The recipe calls for 7-10 days primary, then racking to secondary until completion. This is more of an experiment for me and i really don't want to tie up my beer fermentors for an extended period... so I thought I'd dust off the old 3 gal carboy and do a single stage fermentation. Is this okay for mead, or should I really be including a secondary stage? If okay, any risk of blow off with 3 gals liquid and an airlock?

Thanks in advance for any advice on this...
 
All my hydromels ( less that 9% abv) are primary only. I have a vanilla Hydromel that I started a little while ago and it's ready to bottle whenever I feel the vanilla is where I want it. (it will also be sparkling).
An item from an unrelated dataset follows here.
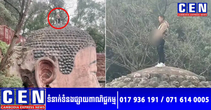 យោងតាមសេចក្តីរាយការណ៍ ហេតុការណ៍នេះបានកើតឡើងនៅឧទ្យានរូបសំណាក Maitreya Stone ប្រាសាទព្រះពុទ្ធធំ Jiazhou Lingyun នៅទីក្រុង Leshan ខេត្ត Sichuan ប្រទេសចិន។ នៅពេលនោះ មានភ្ញៀវទេសចរច្រើនមកលេង ប៉ុន្តែស្រាប់តែមានភ្ញៀវទេសចរប្រុសម្នាក់ បានឡើងលើរបង ហើយឡើងលើតំបន់ខាងលើរូបសំណាកព្រះពុទ្ធ។ បន្ទាប់មក បុរសនោះបានប្រឡេះឡេវខោ ហើយឈរបត់ជើងតូច នៅចំពោះមុខអ្នកដទៃដែលមានការតក់ស្លុត និងបានលើកទូរស័ព្ទរបស់ពួកគេដើម្បីថតវីដេអូ។

The reason for secondary in mead is to get the mead off of bulk lees, so the yeast bed can't contribute off flavors down the bulk aging. But when you are working with a hydromel, your schedule from pitch to bottle is from 30-60 days. So as long as you didn't use 71B or whatever that yeast is that is prone to off flavors after ferment, you're fine.
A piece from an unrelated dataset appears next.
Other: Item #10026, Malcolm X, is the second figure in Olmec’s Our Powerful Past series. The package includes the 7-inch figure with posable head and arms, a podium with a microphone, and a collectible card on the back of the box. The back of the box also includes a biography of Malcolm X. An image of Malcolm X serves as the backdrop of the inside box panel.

Edit: Needing a blowoff in secondary will not be needed unnless you're adding fruit or anything. But I don't get nearly as much escaping mead as I do with beer. If you feel you may have overfilled your carboy, a blowoff tube won't hurt.
 
All my hydromels ( less that 9% abv) are primary only. I have a vanilla Hydromel that I started a little while ago and it's ready to bottle whenever I feel the vanilla is where I want it. (it will also be sparkling).

The reason for secondary in mead is to get the mead off of bulk lees, so the yeast bed can't contribute off flavors down the bulk aging. But when you are working with a hydromel, your schedule from pitch to bottle is from 30-60 days. So as long as you didn't use 71B or whatever that yeast is that is prone to off flavors after ferment, you're fine.
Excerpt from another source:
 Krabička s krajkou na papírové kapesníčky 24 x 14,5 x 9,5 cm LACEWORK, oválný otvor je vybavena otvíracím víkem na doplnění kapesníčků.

Edit: Needing a blowoff in secondary will not be needed unnless you're adding fruit or anything. But I don't get nearly as much escaping mead as I do with beer. If you feel you may have overfilled your carboy, a blowoff tube won't hurt.

Thank you for the detailed explanation and sorry for not acknowledging earlier...lost track of this thread in all my beer related posts.